WHAT TO DO >> Among the entries below, the lines from the one with "Beschriftung mit einzelnen Schriftzügen" up to and including the one with "नई दिल्ली, 29" are to be restated exactly, without pictures.

RECORD SET >>
▬▬▬▬▬▬

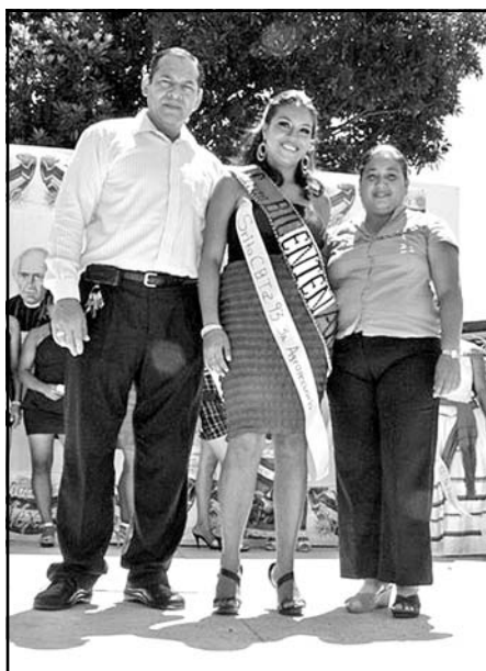
Autoridades del plantel colocaron la banda a la ganadora.
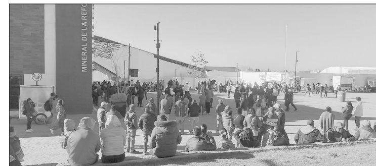
▲ Comerciantes se manifestaron frente a la presidencia municipal de Mineral de la Reforma.

Para garantizar la seguridad de los quejosos y de los trabajadores de la alcaldía, elementos de la Secretaría de Seguridad Pública municipal estuvieron presentes en el lugar para supervisar el desarrollo de la manifestación.
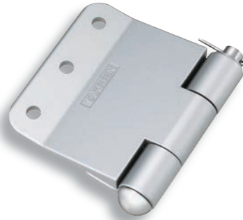
B-858N-4R (สำหรับด้านหลัง) (For rear gate)
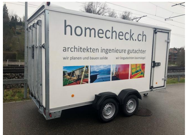
Beschriftung mit einzelnen Schriftzügen
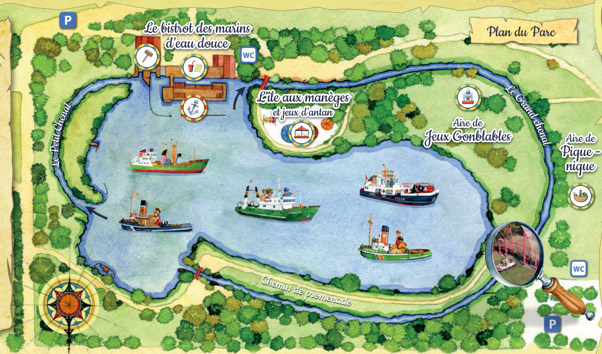
Plan du Parc
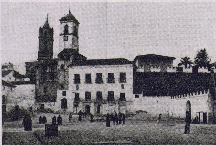
La Plaza Vieja a principios de siglo.
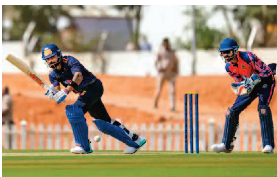
पारी खेली थी। इसके लिए उन्हें प्लेयर ऑफ द मैच भी चुना गया था। पहले मैच के दौरान वे सबसे तेज 16 हजार

नई दिल्ली, 29 दिसम्बर 2025। विराट कोहली विजय हजारों टॉपर्स में एक और मैच खेलते दिखेंगे। रविवार को दिल्ली एवं जिला क्रिकेट संघ के अध्यक्ष रोहन जेटली ने इसकी पुष्टि की। उनके मुताबिक कोहली ने दिल्ली के लिए तीन मैच खेलने की बात कही है। बीसीसीआई के अनुसार सेंट्रल कॉन्ट्रैक्ट वाले खिलाड़ियों को कम से कम दो विजय हजारों मैच खेलने थे, लेकिन कोहली एक अतिरिक्त मैच भी खेलना चाहते हैं। कोहली 6 जनवरी को रेलवेज के खिलाफ मैच खेलेंगे। यह मुकाबला बेंगलूर के सेंटर ऑफ एक्सीलेंस में होगा। पहले मैच में शतक लगाया कोहली ने पहले दो मुकाबलों में शानदार प्रदर्शन किया था। उन्होंने पहले ही मैच में सेंचुरी लगाते हुए 131 रन बनाए थे। वहीं दूसरे मैच 77 रन की
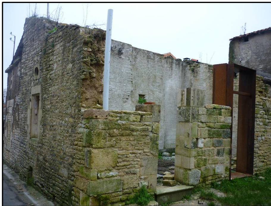
Parcelle n° 7 Pignon sur rue de la Boutonne
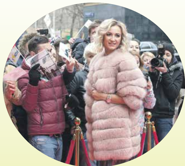
В КИНОТЕАТРАХ ГОРОДА
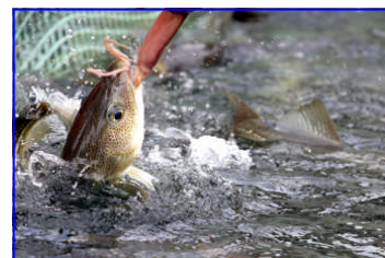
Áframeldisþorskur sem er búinn að aðlagast eldisaðstæðum.
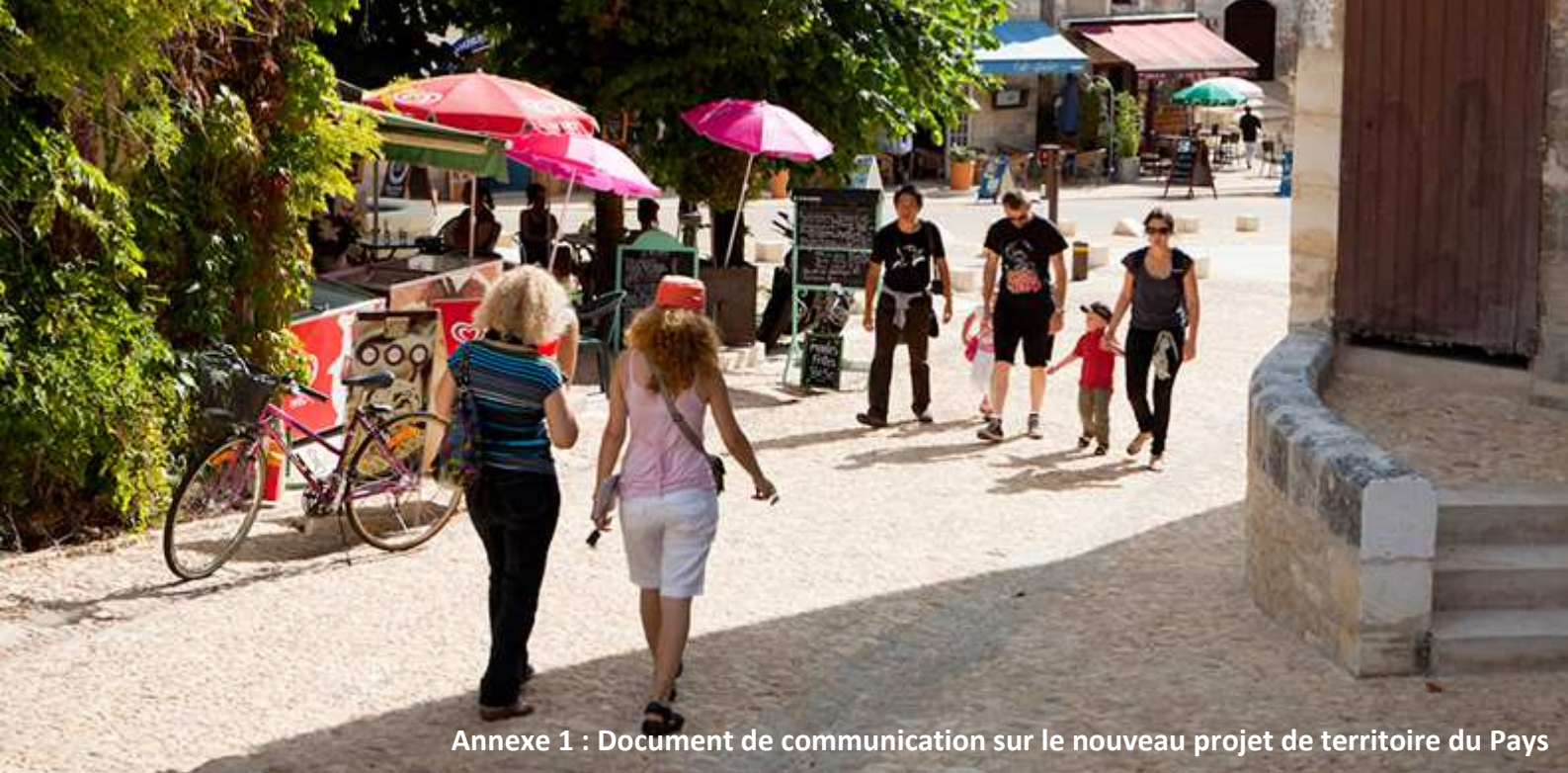
Annexe 1 : Document de communication sur le nouveau projet de territoire du Pays
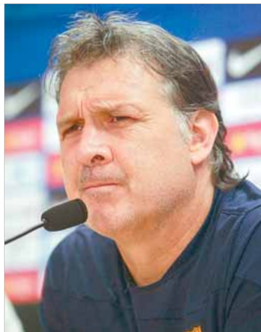
Martino no ha volgut cap central

Neymar i res més. Perquè Gerardo Martino ha considerat que no li feia falta cap reforç més. Ni el

▬▬▬▬▬▬

WRITTEN REPLY >>
Beschriftung mit einzelnen Schriftzügen
Plan du Parc
La Plaza Vieja a principios de siglo.
पारी खेली थी। इसके लिए उन्हें प्लेयर ऑफ द मैच भी चुना गया था। पहले मैच के दौरान वे सबसे तेज 16 हजार

नई दिल्ली, 29 दिसम्बर 2025। विराट कोहली विजय हजारों टॉपर्स में एक और मैच खेलते दिखेंगे। रविवार को दिल्ली एवं जिला क्रिकेट संघ के अध्यक्ष रोहन जेटली ने इसकी पुष्टि की। उनके मुताबिक कोहली ने दिल्ली के लिए तीन मैच खेलने की बात कही है। बीसीसीआई के अनुसार सेंट्रल कॉन्ट्रैक्ट वाले खिलाड़ियों को कम से कम दो विजय हजारों मैच खेलने थे, लेकिन कोहली एक अतिरिक्त मैच भी खेलना चाहते हैं। कोहली 6 जनवरी को रेलवेज के खिलाफ मैच खेलेंगे। यह मुकाबला बेंगलूर के सेंटर ऑफ एक्सीलेंस में होगा। पहले मैच में शतक लगाया कोहली ने पहले दो मुकाबलों में शानदार प्रदर्शन किया था। उन्होंने पहले ही मैच में सेंचुरी लगाते हुए 131 रन बनाए थे। वहीं दूसरे मैच 77 रन की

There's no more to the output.